Si no se puede cerrar un partido de alto nivel, la idea gana peso de enfrentarse a la Selección Sub-20, dirigida por Diego Placente, como un partido de despedida o un ensayo útil para pulir sistemas y tomar minutos ante futbolistas de la misma casa.

En momentos así, Scaloni podría sacar provecho de ver a los titulares contra la camada juvenil para observar respuestas diferentes y ajustar lo que más necesite.

Otro escollo práctico es dónde jugar. El Monumental no estará disponible por tres recitales de AC/DC (23, 27 y 31 de este mes), por lo que la primera opción que se maneja es la Bombonera.

También se barajan alternativas en otras sedes de Argentina: Santa Fe, Córdoba y Santiago del Estero siempre se ofrecen para albergar a la Selección.
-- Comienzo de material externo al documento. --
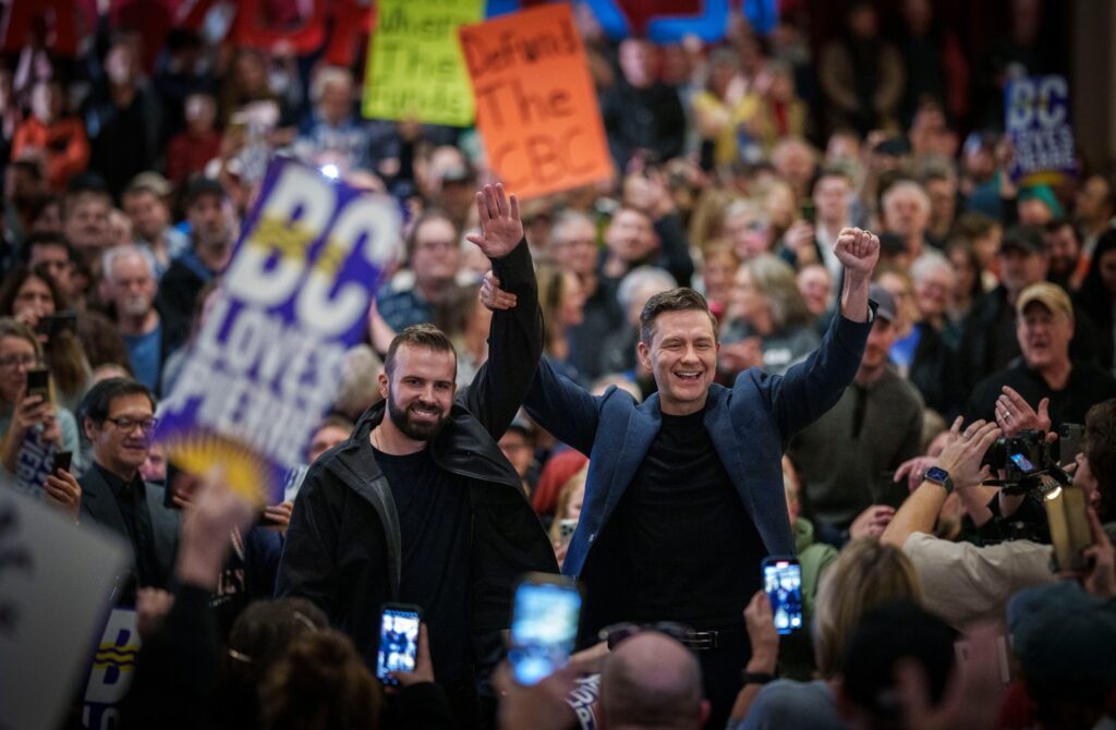 Aaron Gunn (left), Conservative candidate for North Island-Powell River, addresses a Jan. 14 rally in ‘Powell River’ alongside party leader Pierre Poilievre in a photo released by Poilievre’s campaign. Photo by John Lehmann, courtesy of Pierre Poilievre campaign/Facebook
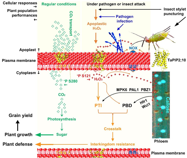 董汉松团队长期从事小麦水通道蛋白方面的研究,该研究证实了小麦株高、鲜重、粒重和籽粒产量均由于TaPIP2;10基因沉默而显著降低,因TaPIP2;10基因过表达而显著提高。同时,在对大气中CO2浓度升高的反应中,小麦TaPIP2;10在S280位点上发生磷酸化,磷酸化的TaPIP2;10将环境CO2转入小麦细胞内,从而增强光合作用,促进小麦生长发育,最终提高籽粒产量。他们在研究中还发现,在对小麦接种白粉病菌、赤霉病菌时,诱导小麦质外体H2O2爆发,从而使得TaPIP2;10在S121位点处发生磷酸化,而磷酸化的TaPIP2;10将质外体H2O2转入小麦细胞质,最终小麦细胞的免疫反应(PTI)。小麦被蚜虫攻击时,同样诱导小麦质外体H2O2爆发,而H2O2同样诱导TaPIP2;10在S121上发生磷酸化,并经由TaPIP2;10跨膜转运进入小麦细胞质,H2O2随后激发小麦韧皮部防卫反应(PBD)。
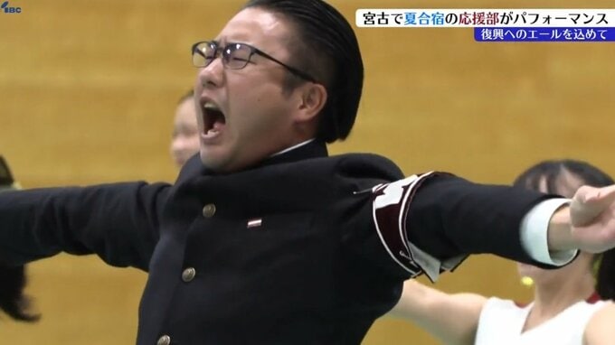 岩手県宮古市で現在、夏合宿を行っている早稲田大学応援部が1日、東日本大震災からの復興へのエールを込めて大迫力のパフォーマンスを市民に披露しました。宮古市民総合体育館シーアリーナで応援パフォーマンスを…
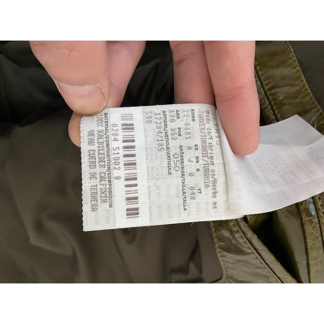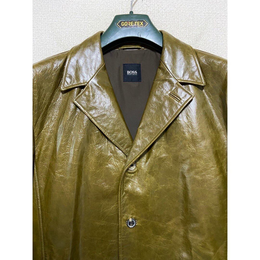 十分に鞣された艶やかな光沢を放つオリーブグリーンカウレザー
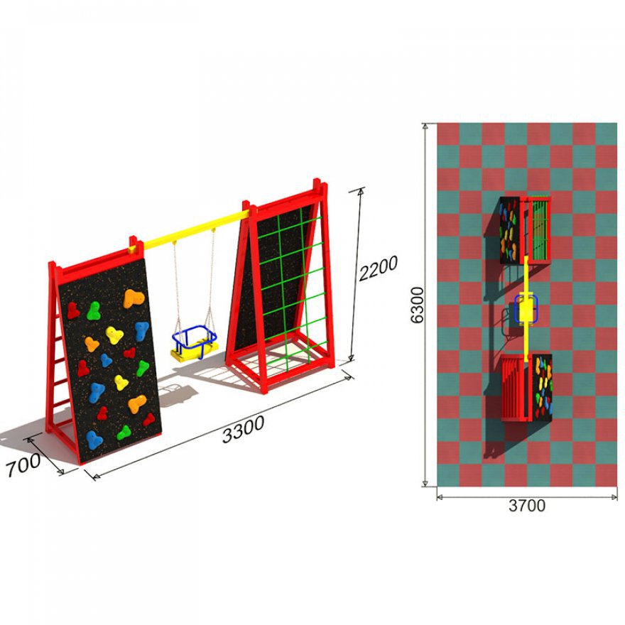 Для самых маленьких непосед предусмотрены детские качели с сидением, оборудованным защитой, благодаря чему ребёнок может легко держаться сам, пока родители его раскачивают. Яркое цветовое решение площадки с первого взгляда приковывает внимание, оживляет двор и может прекрасно соседствовать с красочными песочницами, пластиковыми горками и качелями-балансирами.

De hecho, el Coloso Marcelo Bielsa de Newell’s podría ser citado como escenario representativo para ver a Messi en el estadio que lo vio iniciar su carrera, un guiño para los aficionados que esperan verlo en casa.

La gira previa al Mundial presenta a la Albiceleste sin haber enfrentado a una selección europea en el tramo de preparación; aparte de partidos frente a rivales sudamericanos en las Eliminatorias, el equipo disputó encuentros en otros continentes: Panamá, Curazao, Australia, Indonesia, El Salvador, Costa Rica, Ecuador, Guatemala, Venezuela, Puerto Rico y Angola.

Es decir, un recorrido amplio, con constancia de resultados positivos, pero sin el rodaje directo contra rivales europeos que tantos debates genera sobre el nivel real de preparación.

En cuanto al calendario de las demás selecciones sudamericanas y centroamericanas, está bastante cargado. Brasil, que suele mover su agenda de forma muy ajustada, ya tiene dos compromisos de alto perfil: enfrentará a Francia y luego a Croacia en las fechas cercanas al Mundial.

Colombia, Uruguay y Chile también presentan planes cargados de amistosos y pruebas internacionales, con viajes y enfrentamientos que obligan a una planificación cuidadosa para los equipos que, como Argentina, quieren llegar en el mejor estado posible.

La realidad es que, fuera de la región, las respuestas no son fáciles: Nicaragua, Costa Rica, Panamá, Curazao y Guatemala también tienen sus propios compromisos y, a la hora de buscar rivales de nivel para un ensayo previo al Mundial, la ventana se ve cada vez más estrecha.

Jamaica, por su parte, se enfoca en su repesca y otros compromisos que dejan menos opciones para un choque directo con la Albiceleste.

En definitiva, la cancelación de la Finalissima ha puesto a la Argentina ante una situación que obliga a una reordenación completa de su preparación.

Scaloni y su cuerpo técnico ya han puesto la mirada en una concentración intensa en Ezeiza, la posibilidad de traer rivales en casa y, si el calendario no cede, la interesante opción de cerrar el proceso con la Sub-20 de Placente.

Todo ello, con la mirada puesta en el Mundial y en volver a ver a la selección en su mejor versión, lista para competir al más alto nivel en tierras norteamericanas.